# Walnut



## RussellAP (Feb 21, 2012)

I've never worked with walnut before, but I have some nice 15/16 boards about 8' long. 
I keep hearing people say they want to finish walnut and I'm scratching my head. Protect walnut, but how can one stain, or use some color on it? This I don't understand. Walnut is too dark to take anything that would be noticeable and if it did, why even use walnut to begin with.

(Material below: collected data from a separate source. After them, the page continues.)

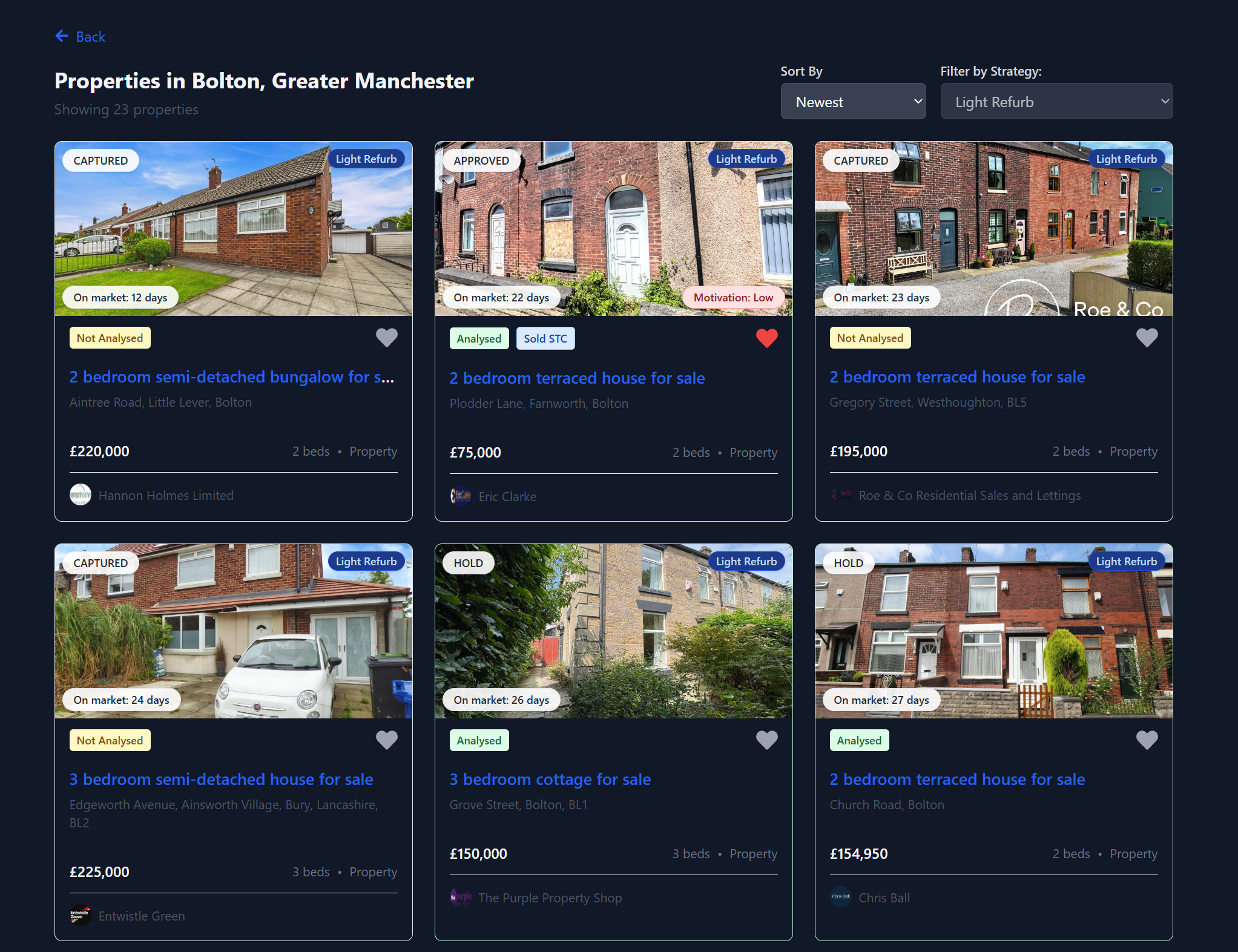 Automate sourcing, analysis, and deal flow for UK property investors.
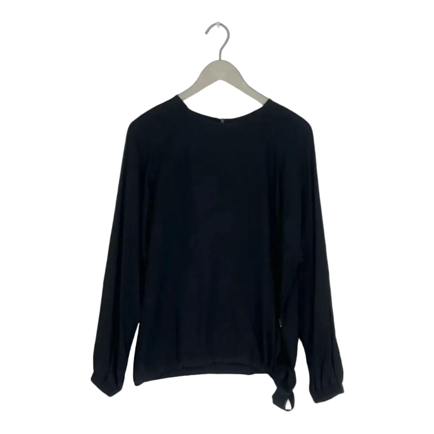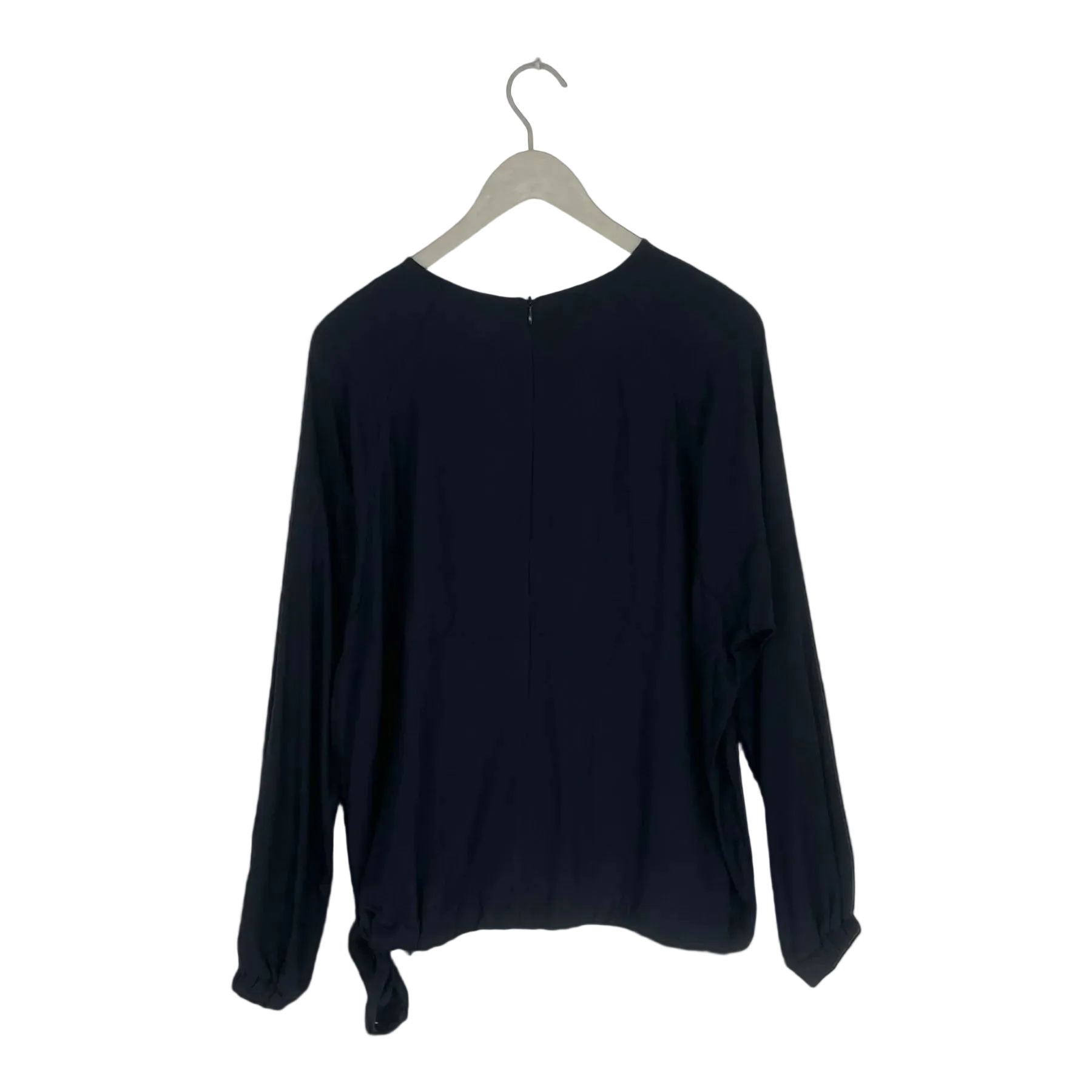 Makia women's shirt. The shirt has a fabric drawstring at the hem for adjusting the fit. There's a zipper at the back.
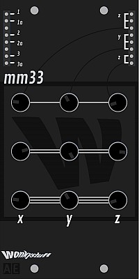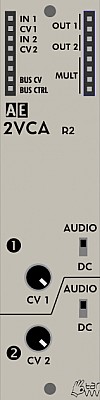 This 1/3 height micro module provides a two channel VCA similar to the 4VCA module.

So when you say, 'finish' on walnut, you're referring to protection….right?


----------



## ShaneA (Apr 15, 2011)

I use pure tung oil/mineral spirits on walnut all the time Russ. Deepens the color, pops the grain. Then, once dry a clear coat of poly or lacquer on top of that.


----------



## JesseTutt (Aug 15, 2012)

There are color variations between heartwood and sapwood. Sometimes you need stain to make everything match.


----------



## CharlieM1958 (Nov 7, 2006)

Russell, walnut is a tricky wood that should only be finished by those having experience with it. Give me your address and I will have it taken off your hands immediately. 

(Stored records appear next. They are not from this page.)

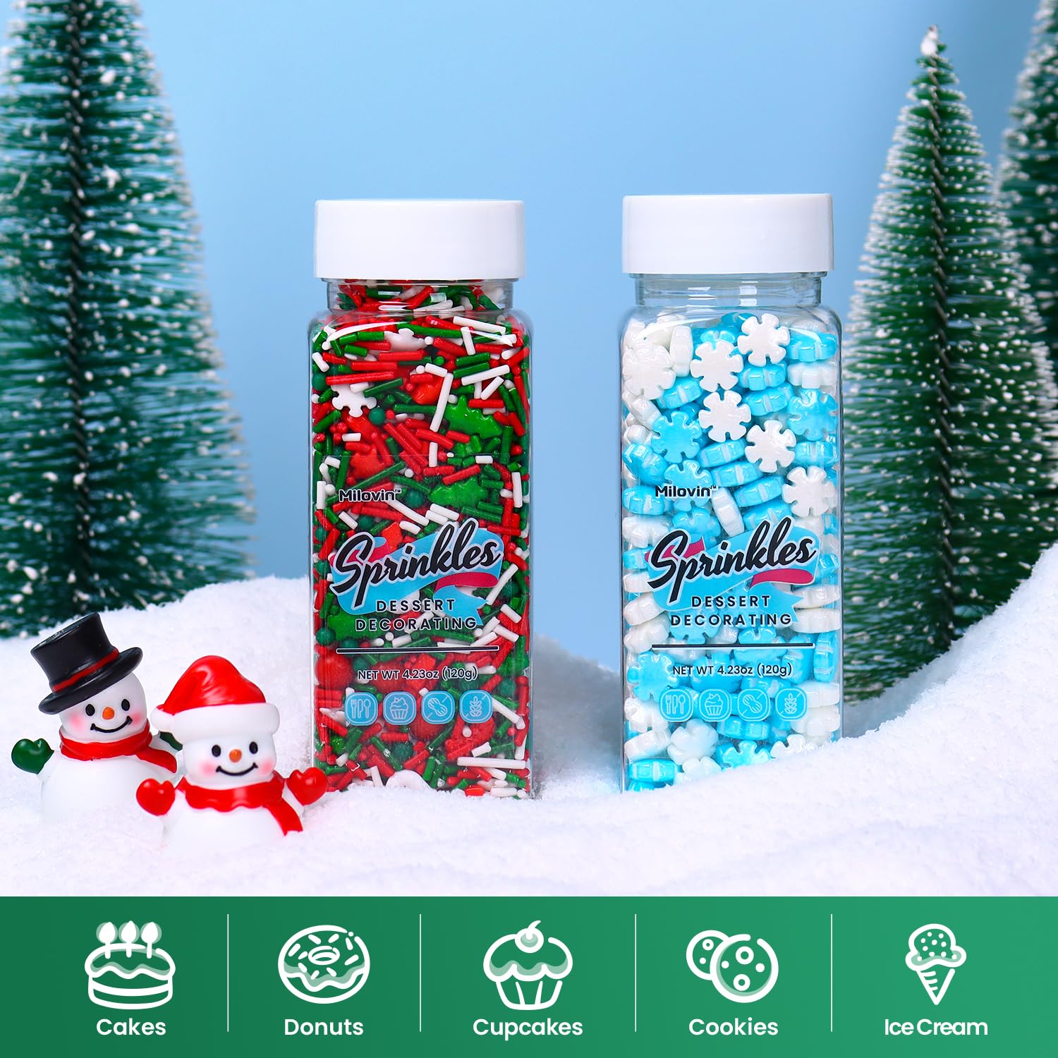 • Christmas Sprinkles for Baking: A bottle of red and green sprinkles mix(120g/4.23oz), whether it's cakes, cupcakes, cookies, ice cream, cake pops, brownies, or any dessert you can dream of; our Christmas sprinkles are your go-to for that extra dash of cheer
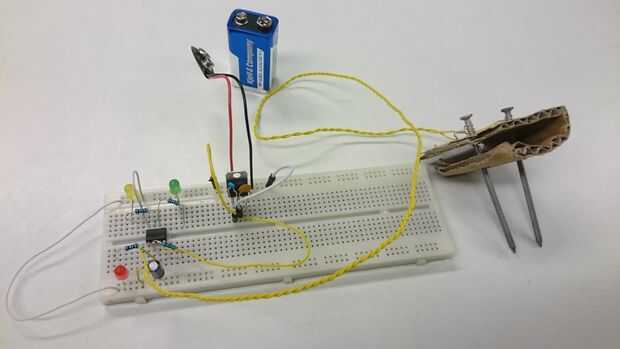 El inconveniente de esta solución es que la corriente siempre fluirá a través del sensor de humedad, que la batería y causar electrólisis en las uñas. Sin embargo, para este prototipo, no molesta sobre eso.
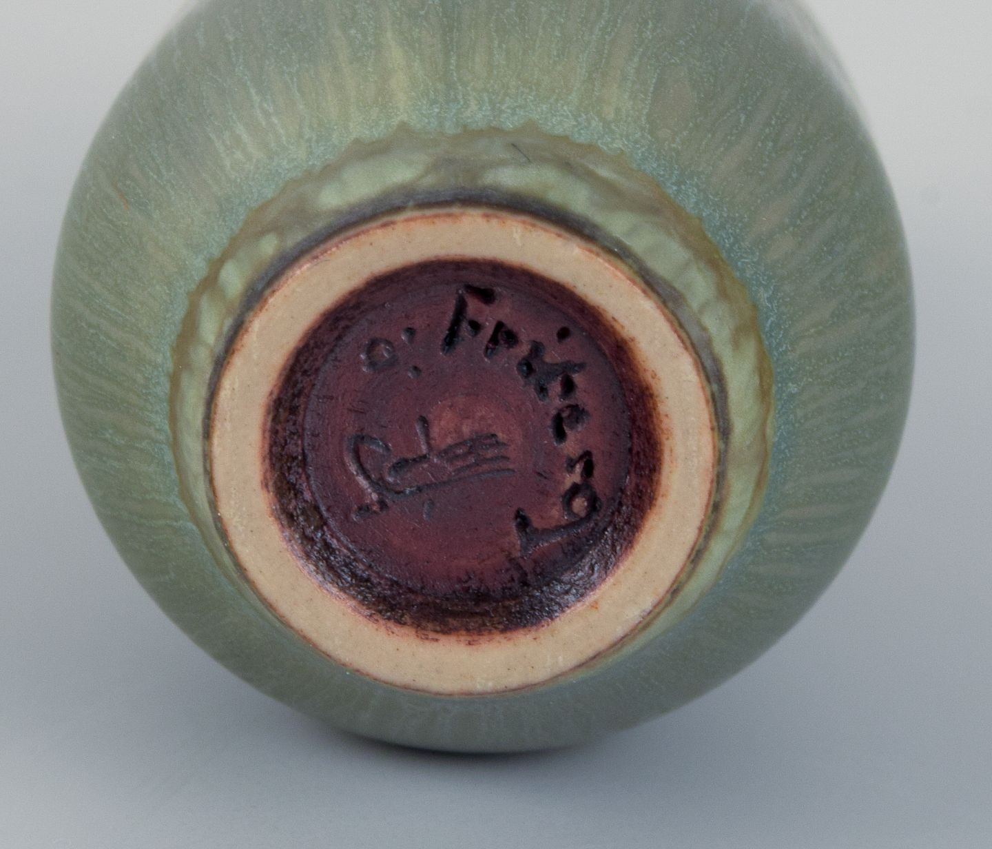 Berndt Friberg for Gustavsberg, Studiohand miniature vase with glaze in shades of green.
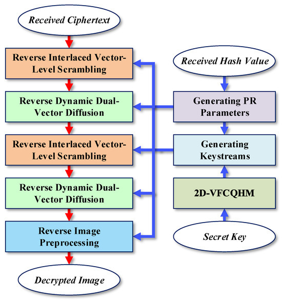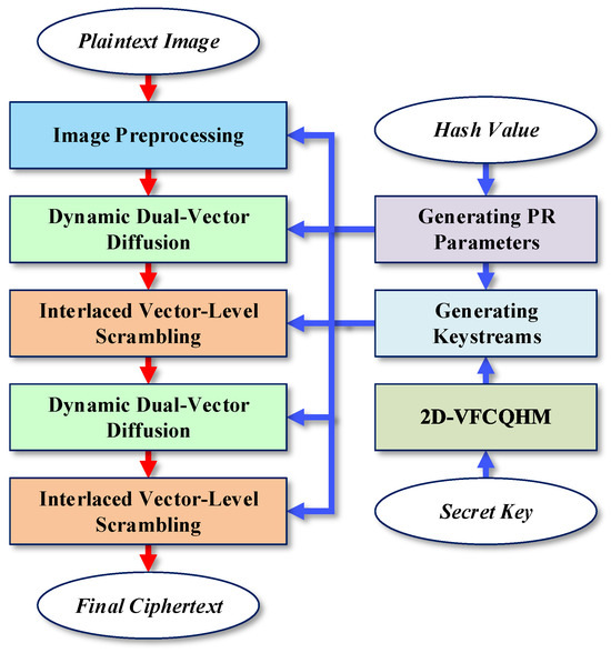 Leveraging the exceptional hyperchaotic properties of the 2D-VFCQHM, we have further devised an efficient image encryption algorithm termed IEA-VMFD, aiming to provide robust protection for image data. Our IEA-VMFD comprises a series of meticulously crafted encryption steps: generating plaintext-related parameters, generating keystreams, image preprocessing, dynamic dual-vector diffusion, and interlaced vector-level scrambling. As depicted in Figure 6, dynamic dual-vector diffusion and interlaced vector-level scrambling will be executed twice, resulting in a novel diffusion-scrambling mechanism that deviates from common permutation-diffusion designs.

Seriously, no…. you don't really want to stain it. There are any number of clear finishes that will work wonderfully to bring out the beauty of walnut. Danish oil, boiled linseed oil, oil based polyurethane, water based polyurethane…. just to name a few.

You will hear strong opinions for and against various finishes for walnut. I highly recommend you experiment and find what you like best


----------



## hhhopks (Nov 22, 2011)

Rus,
Wake up. How can you possibly not know about walnut?
You need to start working with it.
Walnut is one of the exotic wood that is highly valued (from worldwide perspective). Perhaps we may over looked it. It is very common in your area and often is available dirt cheap. You can easily find walnut for less than $4.00/bft. CL often show people selling if for $2.50 or less.

HHH OPKS


----------



## Lumber2Sawdust (Jul 22, 2010)

Since this is the internet, somebody has to have an opposing opinion!

I followed the advice that you shouldn't use any stain on walnut. I made a coffee table using just danish oil, and it looks fantastic. However, I took a chair-making class with a local pro woodworker and he recommends using a stain on walnut because it will bleach out some of its color over time (sort of the opposite of cherry which gets darker with age). The sun here in CO is intense, so it can accelerate the process so I used "special walnut" stain on the chair, and this bookmatched walnut slab I'm working on right now. The stain does add a little color, but I don't think it diminishes the amazing grain in these slabs. The finish on top of the stain is 2 parts varnish, 1 part tung oil, 1 part BLO applied with steel wool. The finish is durable and almost feels soft to the touch. (sorry for the poor camera-phone pics in bad shop lighting)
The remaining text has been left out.